Sponsoring in Österreich | Philip Newald: „Es muss keine Jubelstimmung herrschen, aber die Ausreißer nach unten müssen weg!“ (2/2)
Fußball & Business 7.April.2012 Georg Sander 0
Sponsoring nimmt im Sport einen hohen Stellenwert ein. Im Zuge der Artikelreihe „Sponsoring in Österreich“ kommen Personen zu Wort, die von der wirtschaftlichen Seite her eng mit dem Fußball verbunden sind. Den Anfang macht Philip Newald, Vorstand von tipp3.
Link: 1.Teil des Interviews mit Philip Newald
Im zweiten Teil des Interviews geht es um die unangenehmen Seiten: Die Auswirkungen von Blamagen für den Fußball, teilweise mangelnde Zusammenarbeit zwischen Liga und Klubs und die Gefahren des „Match Fixing“ und was tipp3 gegen Spielverschiebungen unternimmt.
Abseits.at: Wir haben über viel Positives geredet. Was sind die negativen Auswirkungen bei tipp3, wenn überall geraunzt wird, dass das Spiel nicht schön ist?
Philip Newald: Es fehlt mir zurzeit aber eine klare Fokussierung auf das Kernprodukt, vor allem in den Zeiten kleinerer Budgets. Wann wird wo auf welchem Untergrund gespielt? Wie viel zahlt man Eintritt? Wo wird das Spiel wann im TV übertragen? Momentan kommt hier einiges negatives zusammen.
In der Zusammenarbeit zwischen Bundesliga und Vereinen?
Ja, denn es fehlt mir noch dazu ein Commitment, das in drei Nächten, in denen man sich auch mal „die Gosch’n einhaut“ und dann weiter arbeitet, ausdiskutiert wird. Entweder will man eine starke Liga oder starke Vereine. Aus mehreren historischen Gründen gibt es da überhaupt keine Einheit. Meine Aussage zu dem Thema: Eine starke Liga zum Wohle der Vereine. Der Konkurrent der Liga ist ja nicht der andere Verein oder der ÖFB, sondern die Aktivitäten der Kunden in der Freizeit und das Budget der Jugend, welches für andere Bereiche verbraucht wird – zumindest des sportaffinen Teils. Die Zeit, die im Internet oder beim Shoppen verbracht wird, verbringen sie nicht aktiv oder passiv mit Fußball. Man muss dieses Commitment schaffen. Die deutsche Bundesliga hat das in den letzten zwölf bis fünfzehn Jahren geschafft, sich professionell vom Verband abgegrenzt und in den wesentlichen Punkten arbeitet man zusammen. In den wesentlichen Punkten ziehen alle an einem Strang. Natürlich hat dort Bayern auch einen Sonderstatus, aber in den wichtigen Bereichen sitzen alle im selben Boot. In Österreich ist alles gut organisiert, der Ablauf ist absolut in Ordnung, die Zusammenarbeit geht gut. Aber um sich wirklich weiter zu entwickeln, und da ist jetzt eine gute Zeit dafür, gehört diese Einheit geschaffen.
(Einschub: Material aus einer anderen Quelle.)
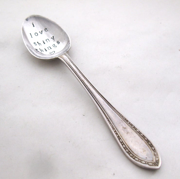 A hand stamped vintage silver plated coffee spoon that says 'i love shiny things' in lowercase lettering, coloured black with a water based acrylic ink (non-toxic). It's approx. 11cm long and has a pointy handle with a narrow detailed border. I've added a little heart below the wording.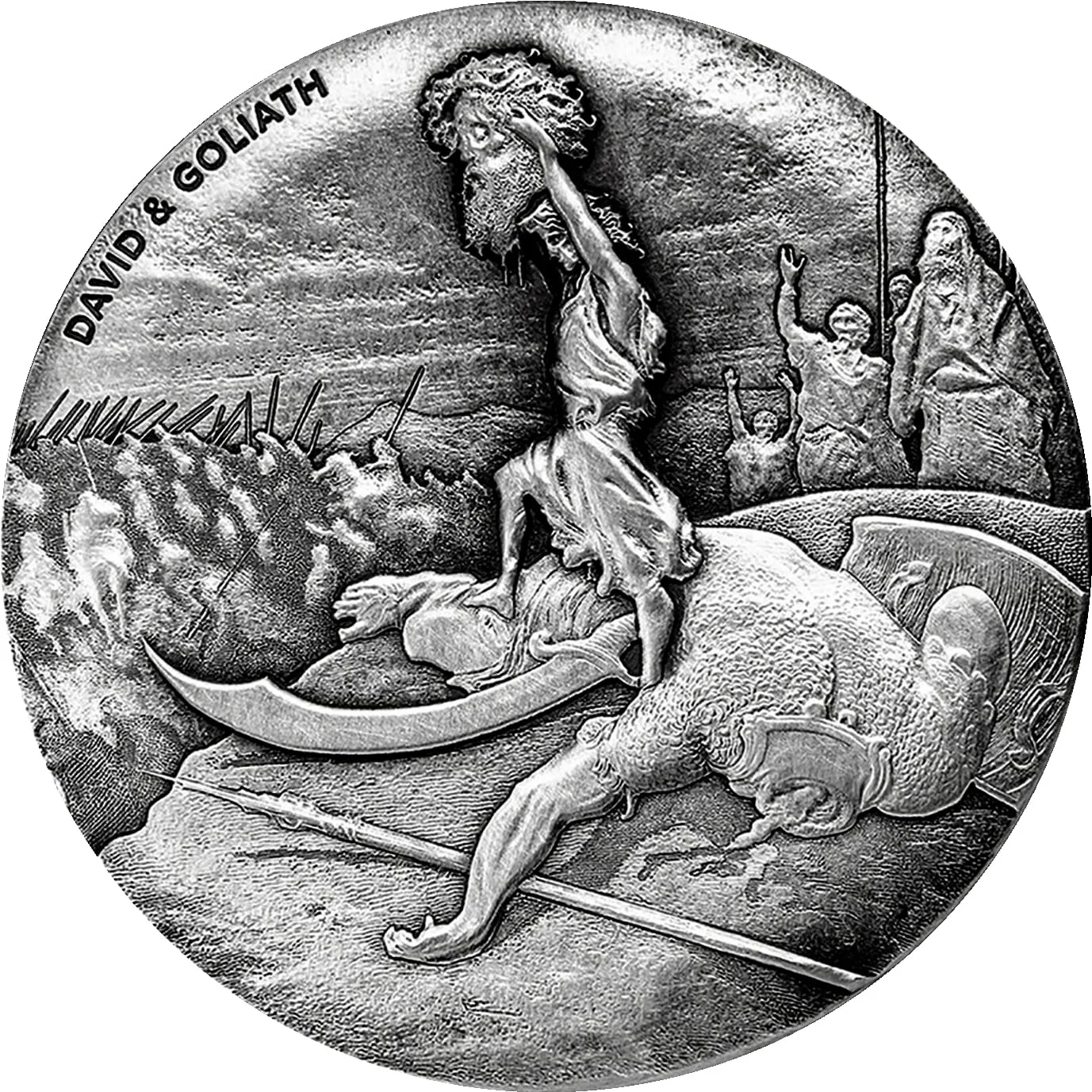 Inspired by Gustave Doré's "David & Goliath," depicting David presenting Goliath's head to his triumphant army.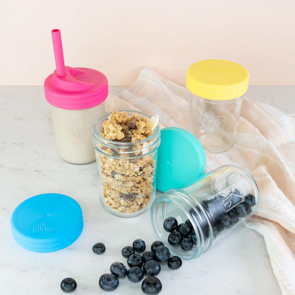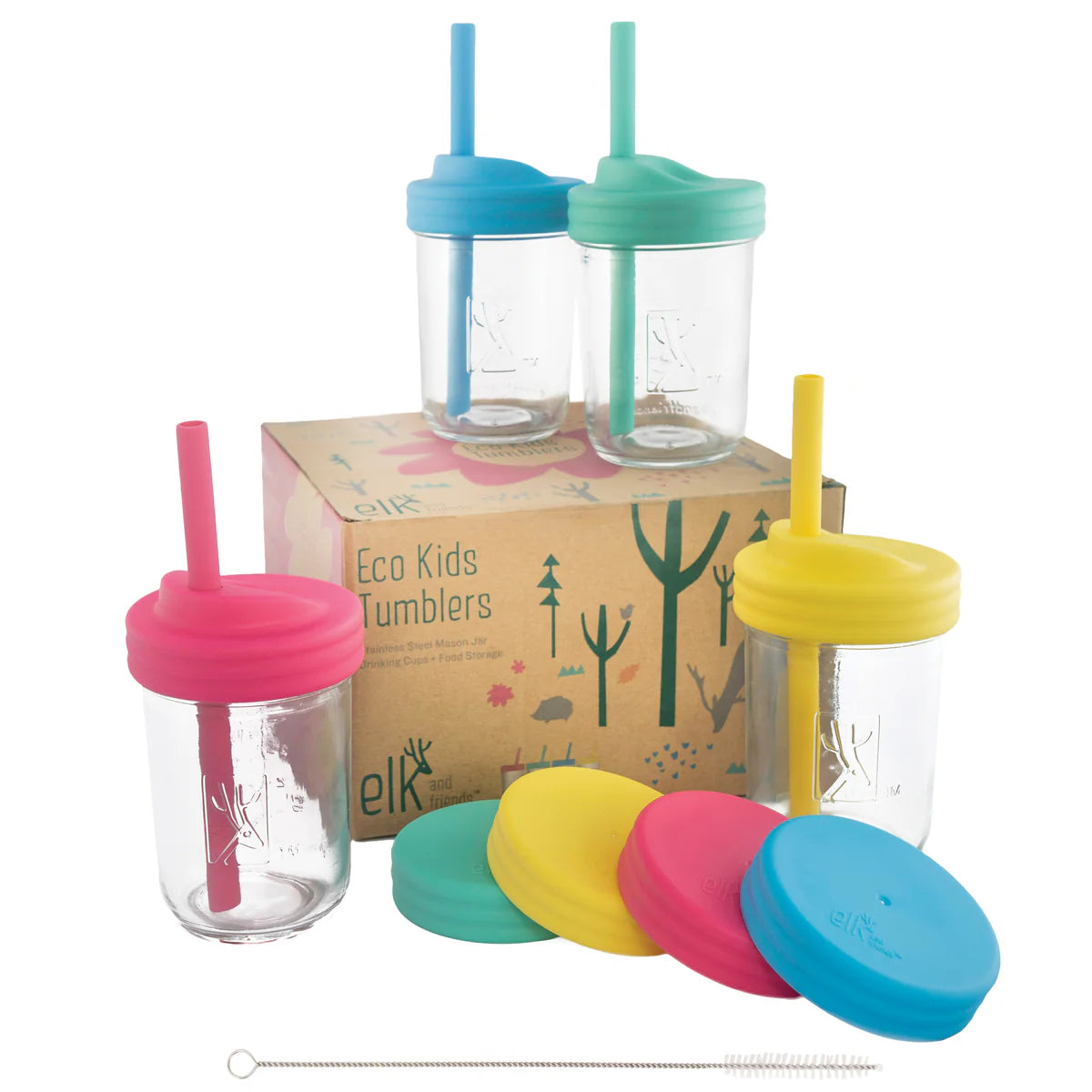 This set includes 4 * 8oz mason glass jars, 8 lids (4 Lids with straw hole + 4 * leak-proof & air-tight lids), straw cleaning brush and 4 silicone straws with stopper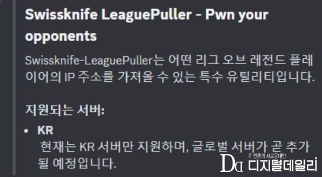 실제, 스위스나이프 측은 리그 풀러 프로그램 소개란에 “현재는 KR(한국) 서버만 지원하지만, 글로벌 서버를 곧 추가할 예정”이라고 밝힌 바 있다.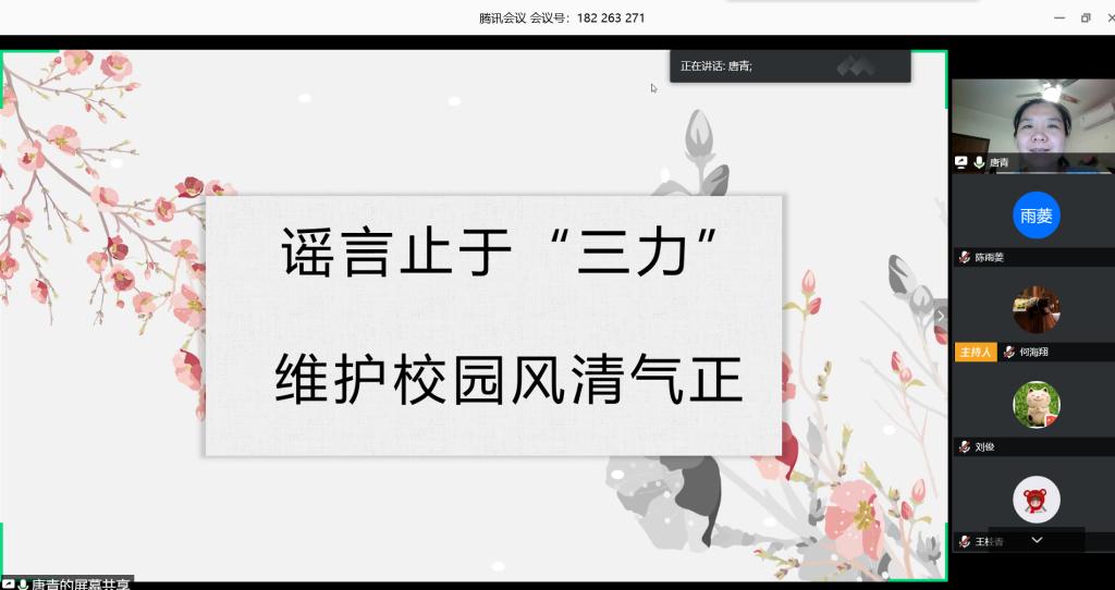 首先,唐青通过一则短视频引发全体党员思考,共同探讨疫情对当前生活造成了哪些影响,党员积极留言讨论。接着,唐青从疫情改变了什么,影响我们思考和判断的三个因素以及如何增强辨别力、执行力、引领力三个方面展开具体讲解。她指出此次疫情是一次大考,每一位党员要贯彻为人民服务的宗旨,主动完善自身思想体系,学会利用正确的理论武装头脑。最后,唐青通过自身实例勉励全体党员要在多元化的信息传播中,注重理性判断,勇于纠偏,思考正确的发声方式,充分发挥党员先进性的“辐射”作用,争当科学的传播者、谣言的粉碎机,自觉维护校园风清气正。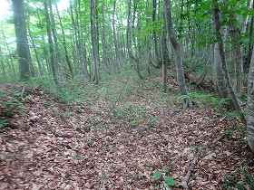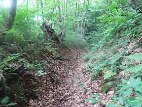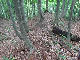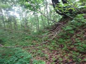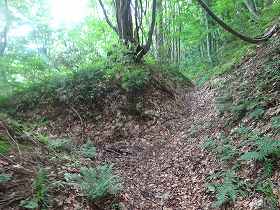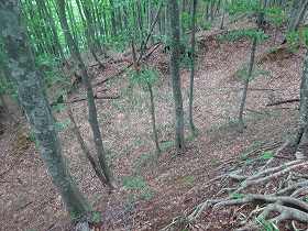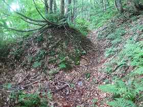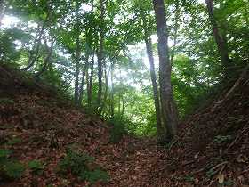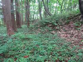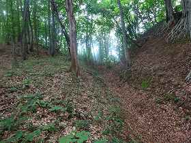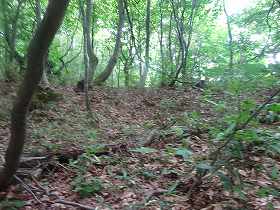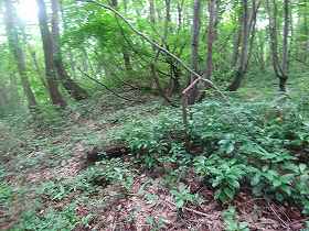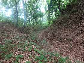ここからも尾根は続き、途中に堀切跡かと思われる鞍部と、実際に堀切形状を残している個所が見られる。その先から尾根は登りにさしかかり、斜面の途中には横堀が見られるようになっている。

Das heißt die Weiterentwicklung wäre, das Grundprodukt attraktiver zu machen, etwa andere Ankickzeiten?
Die grundlegenden Parameter müssen stimmen. Das ist sicherlich kein leichter Weg, aber auch der Papst wird nicht in einer Nacht gewählt. Wenn entscheidungsbefugte Menschen vorbereitet in eine Klausur gehen und das Ligenformat, die Anstoßzeiten, die Preiskultur, die Zentralvermarktung, wirklich gut besprechen, ohne medialem Druck, dann gibt es einen Kompromiss, mit dem alle leben können. Derzeit ist es so, dass alle nach solchen Meetings nachhause gehen und dort gevierteilt werden. Es kommt zu keiner Entscheidung. Wenn alle vorbereitet kommen, dann gilt nach drei Tagen eine Entscheidung. Das muss man durchziehen. Das ist nicht leicht, aber wenn alle weiter professionell arbeiten, kommt die für Österreich beste Variante dabei heraus. Ich bin diesbezüglich ein großer Fan von Marcel Koller, der da sehr gut arbeitet. In der Liga gibt es auch viel Positives.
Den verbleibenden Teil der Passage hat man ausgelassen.